Expose user modifications of Machine Translations to help the MT service providers to improve them
Closed, ResolvedPublic1 Estimated Story Points

Description

Translation services such as Apertium provide a good start for users to create their translation. Since users are correcting those, it would be great if those corrections could be easily accessible so that teams developing the translation services could improve them based on that feedback.

As part of this task a discussion on the information to capture and how to expose it is needed.
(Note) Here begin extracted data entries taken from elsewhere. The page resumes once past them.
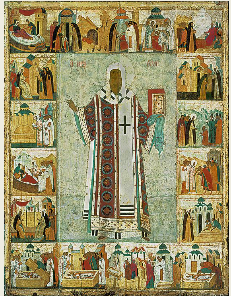
Святой митрополит Петр с житием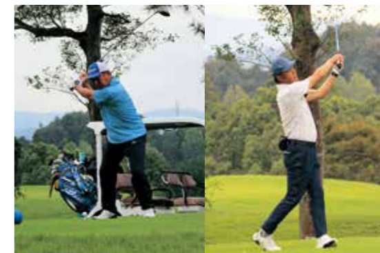
球磨カントリー倶楽部で行われたゴルフ競技の様子

球磨郡民体育祭の最終競技のゴルフ競技が、9月28日（土）錦町の球磨カントリー倶楽部で行われ、本村から5チーム（19人）が出場しました。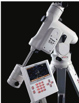
Parallaktische Montierung SXP mit Starbook TEN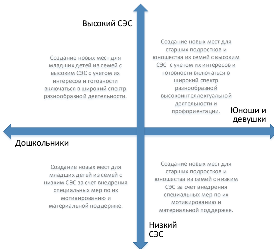
Рис. 5. Шкалы выбора модели создания новых мест по программам художественной направленности с учетом особенностей контингента обучающихся

Вовлечение в программы детей из семей с низким образовательным и культурным уровнем потребует осуществления определенных PR-шагов, поиска мотиваторов для данных детей, в том числе, материальных.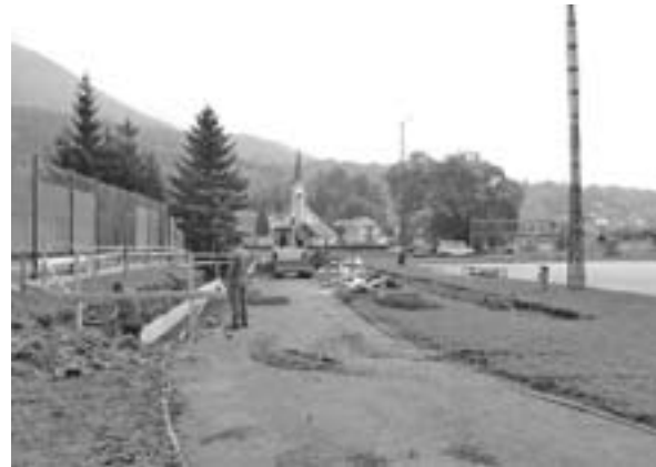
V Križah raste sodobni atletski in skate park

Po gospodinjstvih je v predvolilnem času zaokrožila revija z naslovom Novi Trzičan. Oblikujejo ga predstavniki za odnose z javnostmi enega izmed mojih protikandidatov. Sam se z demantiji takih dezinformacij, žalitev in neresnic ne mislim ukvarjati. O meni govorijo dejanja: izvedli smo več kot 150 projektov, počrpali 12,7 milijona evrov evropskega denarja, kar je največ med gorenjskimi občinami, v Trziču smo premaknili zadeve, ki so stale desetletja - izgradnja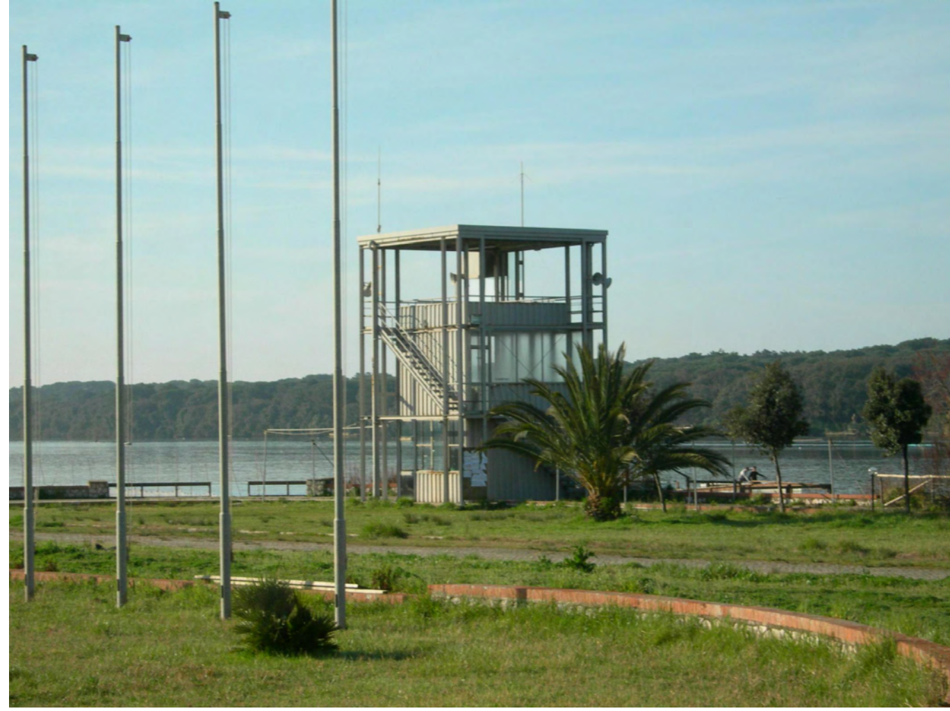
PARTICOLARE TORRE GIURIA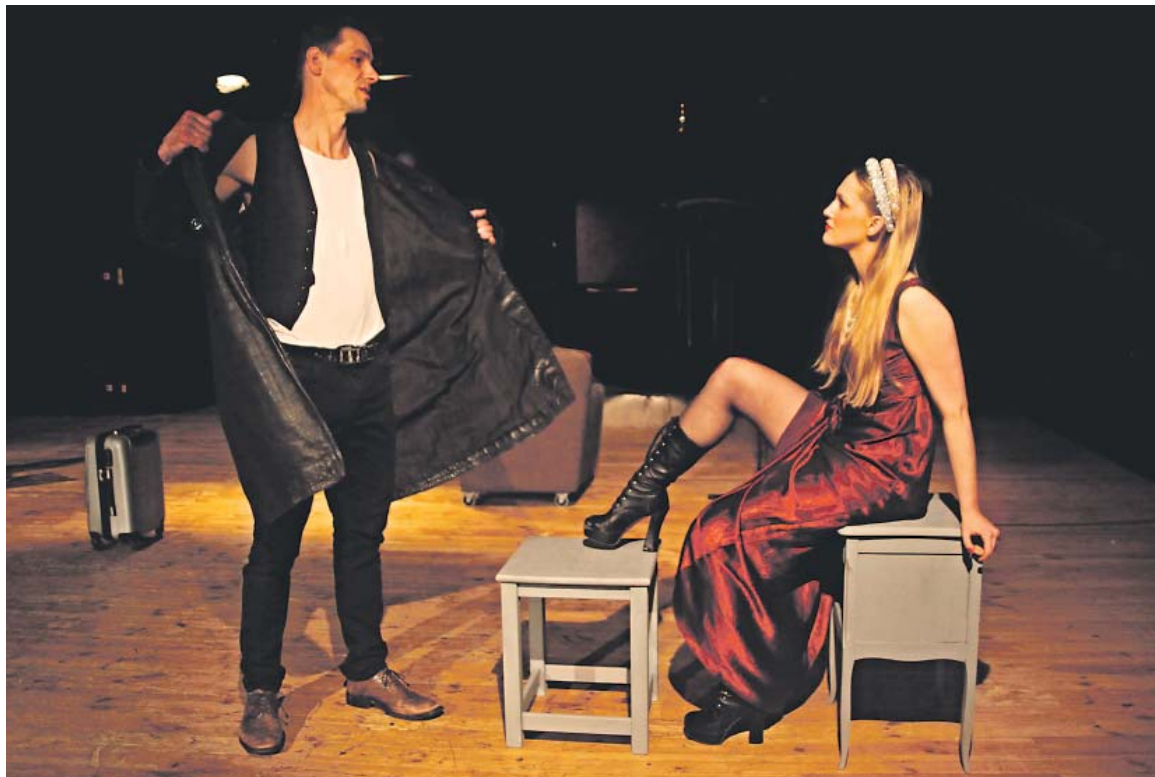
V DRAMATIZACI Dostojevského románu Idiot ztvárňuje hlavní hrdinku Nastasju Filippovnu.

V divadle účinkujete ve dvou představeních, Ženitba a Idiot.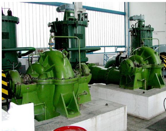
5. ábra Ipari hűtővíz szivattyútelep

tervegyeztetők, hogyan tudják javítani a tervatnézés, tervellenőrzés minőségét. Ennek fontosságát hangsúlyozza, hogy a tervkészítés folyamatában az erőműves szakemberek nem vesznek részt, így a tervkészítés mindennapi nehézségei náluk nem jelentkeznek és, mint külső szemlélők a terv lényegi elemeire tudnak koncentrálni és a nem megfelelősségeket időben észrevenni.

Some fields that may be helpful:

  • Source text
  • MT translation proposed
  • Final translation by the user
  • MT provider
  • Editing distance (so that we can filter big/small differences)?

Event Timeline

Pginer-WMF raised the priority of this task from to Needs Triage.
Pginer-WMF updated the task description. (Show Details)
Pginer-WMF added a subscriber: Pginer-WMF.
Pginer-WMF renamed this task from Expose user modifications of Machine Translations to help their providers to improve them to Expose user modifications of Machine Translations to help the MT service providers to improve them.Jan 22 2015, 2:27 AM
Pginer-WMF set Security to None.

I believe most important fields are the proposed MT and the final translation by user. I think we would do well by storing a (source, proposed, final) triplet in plaintext annotated by mt provider and languages. If we can get sentence alignment, great, but at least by section. I imagine people will be looking for

  1. missing vocabulary
  2. better vocabulary in a certain context
  3. missing or better grammar rules.

Edit distance and other algorithms can be used for evaluation, but those are easy to calculate afterwards if we need them. Btw, this data can also be put in a translation memory, mainly for languages with don't have MT providers..
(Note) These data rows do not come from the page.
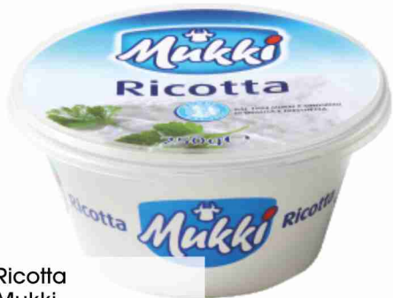
Ricotta Mukki g 250 al kg € 3,96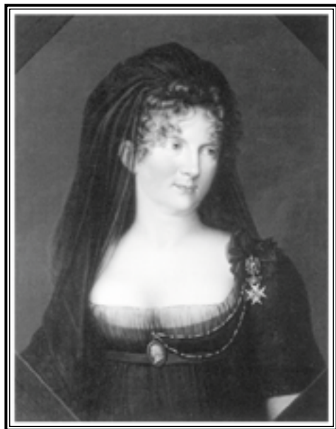
Г. Кюгельген Портрет Марии Фёдоровны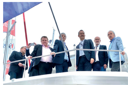
20 avril 2022 - Salon du multicoque à La-Grande-Motte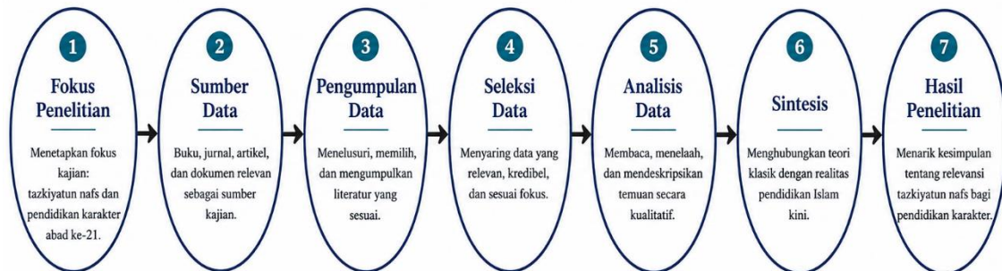
Gambar 1. Alur metode penelitian studi kepustakaan

Penelitian ini menggunakan metode studi kepustakaan (library research). Data dikumpulkan dari buku, jurnal, dan dokumen yang berkaitan dengan konsep penyucian jiwa ( tazkiyatun nafs ) dan pendidikan karakter di abad ke-21. Analisis dilakukan secara deskriptif-kualitatif, yakni dengan membaca, meringkas, dan menarik benang merah antara teori klasik tersebut dengan realitas pendidikan Islam masa kini.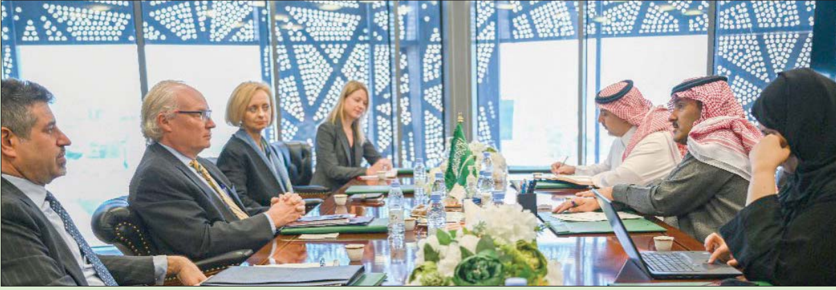
آل جابر وليندركينغ خلال لقائهما في الرياض الجمعة

ومع تعثر المساعي الأممية والدولية في إقناع المليشيات الحوثية بتجديد الهدنة وتوسعتها، واستمرار الجماعة المدعومة من إيران في تهديد موانئ تصدير النفط، كانت الحكومة اليمنية قد سحرت على رفع الجاهزية الأمنية والعسكرية، ودعت إلى الإسناد الشعبي، ملحوة باللجوء إلى ما وصفته بـ«الخيارات الصعبة» رداً على الإرهاب الحوثي.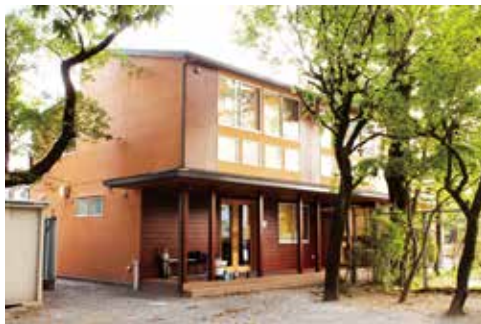
学童棟「なかよし学習館」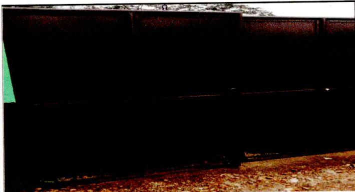
Foto 3: MANTENIMIENTO A PORTONES Deterioro de parte baja de portón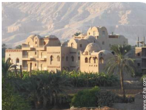
vista desde la azotea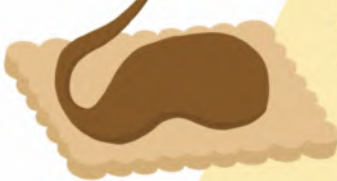
Glassa di cioccolato

Cospargi il biscotto con la glassa al cioccolato.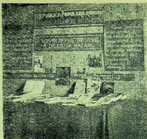
Expoziția de cărți organizată cu prilejul seriei literare

țională ca de exemplu: Poziția Partidului Comunist Român față de curentele șovine și revizioniste de Gh. Gheorghiu-Dej, cuprinsă în culegerea Politica națională leninist-stalinistă a P.M.R. ; lucrări din Editura de Stat pentru literatură politică care popularizează realizările înfăptuite de oamenii muncii din țara noastră ca: Viața nouă în satele patriei noastre , Munca înfrățită și altele.

Arrbee triaged this task as High priority.Feb 2 2015, 6:58 AM
Arrbee moved this task from Needs Triage to Long term on the ContentTranslation board.
Arrbee raised the priority of this task from High to Needs Triage.Feb 2 2015, 9:35 AM
Arrbee added a subscriber: Arrbee.
Amire80 triaged this task as High priority.Feb 4 2015, 12:02 AM

Change 191860 had a related patch set uploaded (by Santhosh):
Expose published translation with source-target URL pairs

https://gerrit.wikimedia.org/r/191860

Patch-For-Review

https://gerrit.wikimedia.org/r/191860 is a quick attempt to provide minimal information. To give more useful information we need to enhance our infrastructure to capture and store user modifications or section level mapping. We have to work towards that.

Change 191860 merged by jenkins-bot:
Expose published translation with source-target URL pairs

https://gerrit.wikimedia.org/r/191860

Arrbee moved this task from In Progress to Done on the LE-Sprint-82 board.